Setting up the Development Environment

Development environment

We suggest using Visual Studio Code (VSCode), available for multiple platforms here. On Windows system, we recommend using WSL, the Windows Subsystem for Linux, because some PyTorch features are not available on Windows. Inside VSCode, please install the extensions that are recommended for this project - they are available in .vscode/extensions.json in the repository root.

Opening the repository

Once you have the repository on your computer, you can open either all projects at once or individual projects separately in VSCode.

To open all projects at once, use VSCode’s “Open Workspace from File”, and select himl-projects.code-workspace.
To open individual projects, use VSCode’s “Open Folder”, and select one of the folders hi-ml-azure, hi-ml, or hi-ml-cpath

Creating a Conda environment

Different projects in this repository use different Conda environments:

The himl Conda environment should be used for work on the hi-ml and hi-ml-azure projects.
The HimlHisto Conda environment should be used for work on hi-ml-cpath.

Please select the right Python interpreter for your project (or all projects if using the himl-projects workspace) inside VSCode, by choosing “Python: Select Interpreter” from the command palette (Ctrl-Shift-P on VSCode for Windows)

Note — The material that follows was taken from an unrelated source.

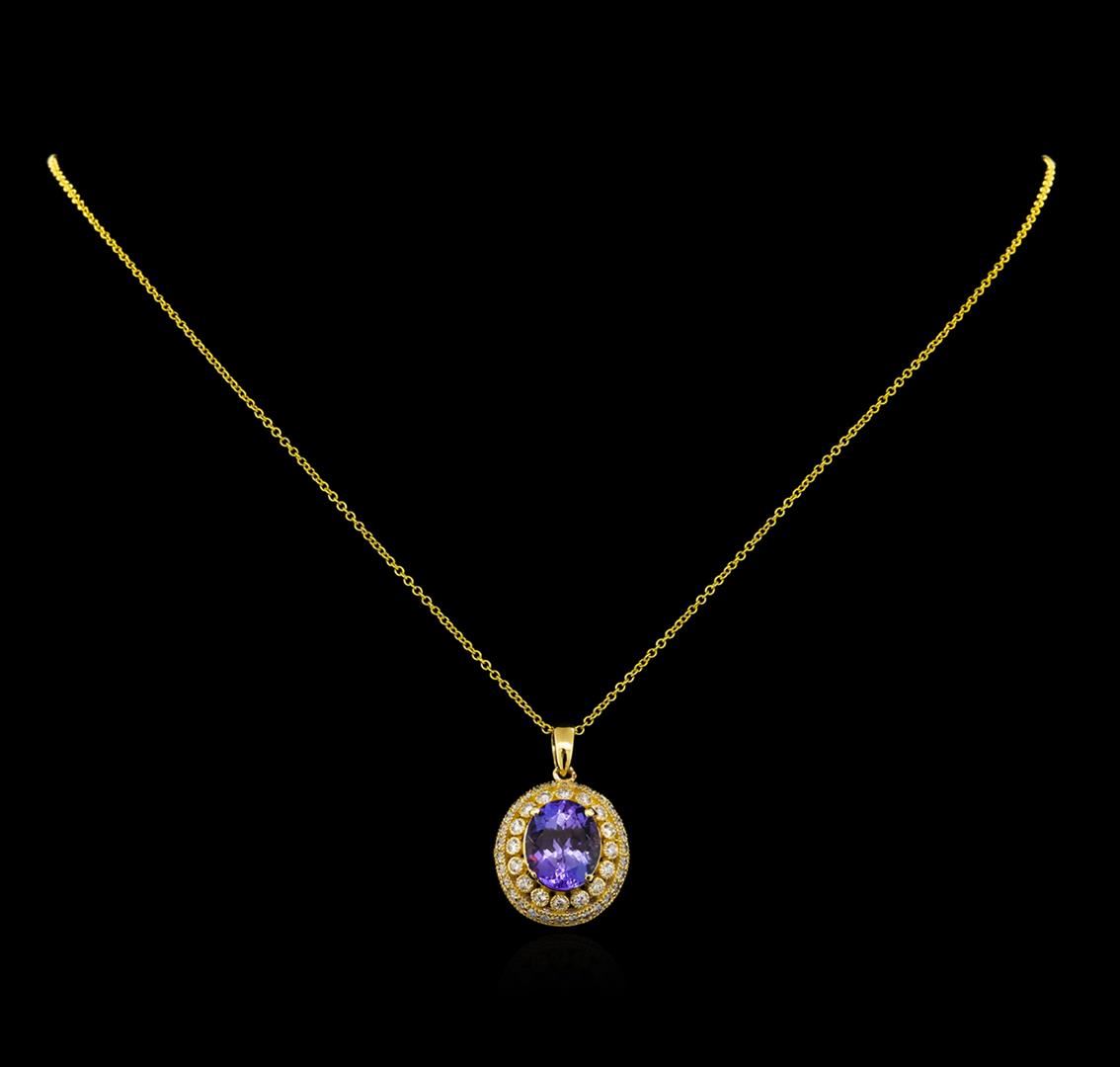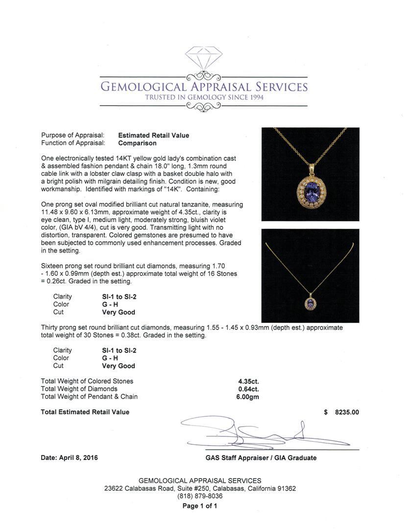 One electronically tested 14KT yellow gold lady's combination cast & assembled fashion pendant & chain 18.0" long, 1.3mm round cable link with a lobster claw clasp with a basket double halo with a bright polish with milgrain detailing finish. Identified with markings of "14K". Condition is new, good workmanship. Containing: One prong set oval modified brilliant cut natural tanzanite, measuring 11.48 x 9.60 x 6.13mm, approximate weight of 4.35ct., clarity is eye clean, type I, medium light, moderately strong, bluish violet color, (GIA bV 4/4), cut is very good. Transmitting light with no distortion, transparent. Colored gemstones are presumed to have been subjected to commonly used enhancement processes. Graded in the setting. Sixteen prong set round brilliant cut diamonds, measuring 1.70 - 1.60 x 0.99mm (depth est.) approximate total weight of 16 Stones = 0.26ct. Graded in the setting. Clarity: SI-1 to SI-2. Color: G - Very Good Thirty prong set round brilliant cut diamonds, measuring 1.55 - 1.45 x 0.93mm (depth est.) approximate total weight of 30 Stones = 0.38ct. Graded in the setting. Clarity: SI-1 to SI-2. Color: G - Very Good. Total Weight of Colored Stones 4.35ct. Total Weight of Diamonds 0.64ct. Total Weight of Pendant & Chain 6.00gm. GAS Appraised at $8,235.00.

To create the Conda environment himl, please use either

conda env create --file hi-ml/environment.yml

or use make in the repository root folder:

make env

Please see the project-specific README files for instructions how to set up the other Conda environments.

Installing `pyright`

We are using static typechecking for our code via mypy and pyright. The latter requires a separate installation outside the Conda environment. For WSL, these are the required steps (see also here):

curl -o- https://raw.githubusercontent.com/nvm-sh/nvm/v0.38.0/install.sh | bash

Close your terminal and re-open it, then run:

nvm install node
npm install -g pyright

Using specific versions of `hi-ml` in your Python environments

If you’d like to test specific changes to the hi-ml package in your code, you can use two different routes:

You can clone the hi-ml repository on your machine, and use hi-ml in your Python environment via a local package install:

pip install -e <your_git_folder>/hi-ml

You can consume an early version of the package from test.pypi.org via pip:

pip install --extra-index-url https://test.pypi.org/simple/ hi-ml==0.1.0.post165

If you are using Conda, you can add an additional parameter for pip into the Conda environment.yml file like this:

name: foo
dependencies:
  - pip=20.1.1
  - python=3.7.3
  - pip:
      - --extra-index-url https://test.pypi.org/simple/
      - hi-ml==0.1.0.post165

Common things to do

The repository contains a makefile with definitions for common operations.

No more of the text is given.